Generally, the Federal Rules of Civil Procedure require only that the complaint provide “‘a short
and plain statement of the claim’ that will give the defendant fair notice of what the plaintiff’s
claim is and the grounds upon which it rests.” Conley v. Gibson, 355 U.S. 41, 47 (1957)
(quoting Fed. R. Civ. P. 8(a)). A plaintiff must provide the grounds of his entitlement, but Rule
8 generally does not require “detailed factual allegations.” Bell Atl. Corp. v. Twombly, 550 U.S.
544, 555 (2007) (quoting Conley, 355 U.S. at 47). It does, however, “demand[ ] more than an
unadorned, the-defendant-unlawfully-harmed-me accusation.” Ashcroft v. Iqbal, 556 U.S. 662,
678 (2009). Pleadings that contain nothing more than “a formulaic recitation of the elements of
a cause of action” do not meet Rule 8 standards nor do pleadings suffice that are based merely
upon “labels or conclusions” or “naked assertions” without supporting factual allegations.
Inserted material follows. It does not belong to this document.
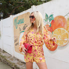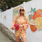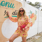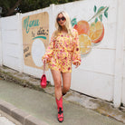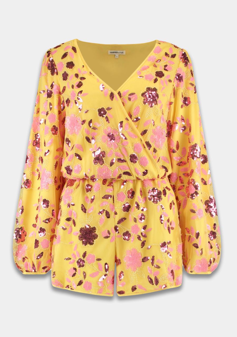 Ready to shine bright? Deze opvallende jumpsuit is bezaaid met pailletten in zomerse tinten die je instant in de party mood brengen. De soepele pasvorm, diepe V-hals en lange mouwen maken het een perfecte keuze voor zonnige dagen en zwoele avonden. Your summer statement has arrived.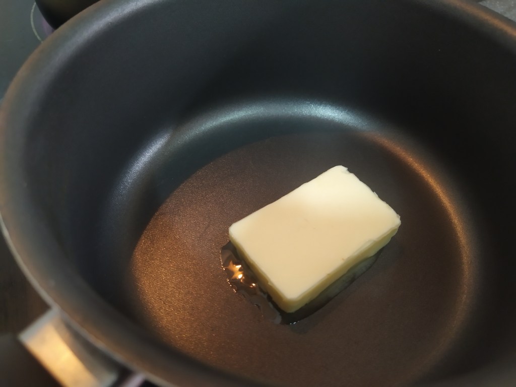 Mientras tanto, vamos a poner la mantequilla a deshacer en una olla y cuando esta se haya disuelto vamos a agregar la harina, removiendo hasta formar un roux (una pasta). Vamos a saber que este está listo cuando adquiera un color dorado y tengamos un olor tostado…¡Ojo, que no quemado!. Ahora vamos a añadir de dos veces la leche, sin dejar de remover en el sentido contrario a las agujas del reloj, hasta que vaya espesando la mezcla. Añadiremos ahora sal, pimienta negra y nuez moscada al gusto.

Twombly, 550 U.S. at 555, 557.
The Supreme Court explained that “[t]o survive a motion to dismiss, a complaint must
contain sufficient factual matter, accepted as true, to ‘state a claim to relief that is plausible on its
face.’” Iqbal, 556 U.S. at 678 (quoting and explaining its decision in Twombly, 550 U.S. at 570).
To be plausible on its face, the claim must contain enough facts that “allow[ ] the court to draw
the reasonable inference that the defendant is liable for the misconduct alleged.” Iqbal, 556 U.S.
at 678. Although “[t]he plausibility standard is not akin to a ‘probability requirement,’” the
complaint must demonstrate “more than a sheer possibility that a defendant has acted
unlawfully.” Id. “Where a complaint pleads facts that are merely consistent with a defendant’s
liability, it ‘stops short of the line between possibility and plausibility of entitlement to relief.’”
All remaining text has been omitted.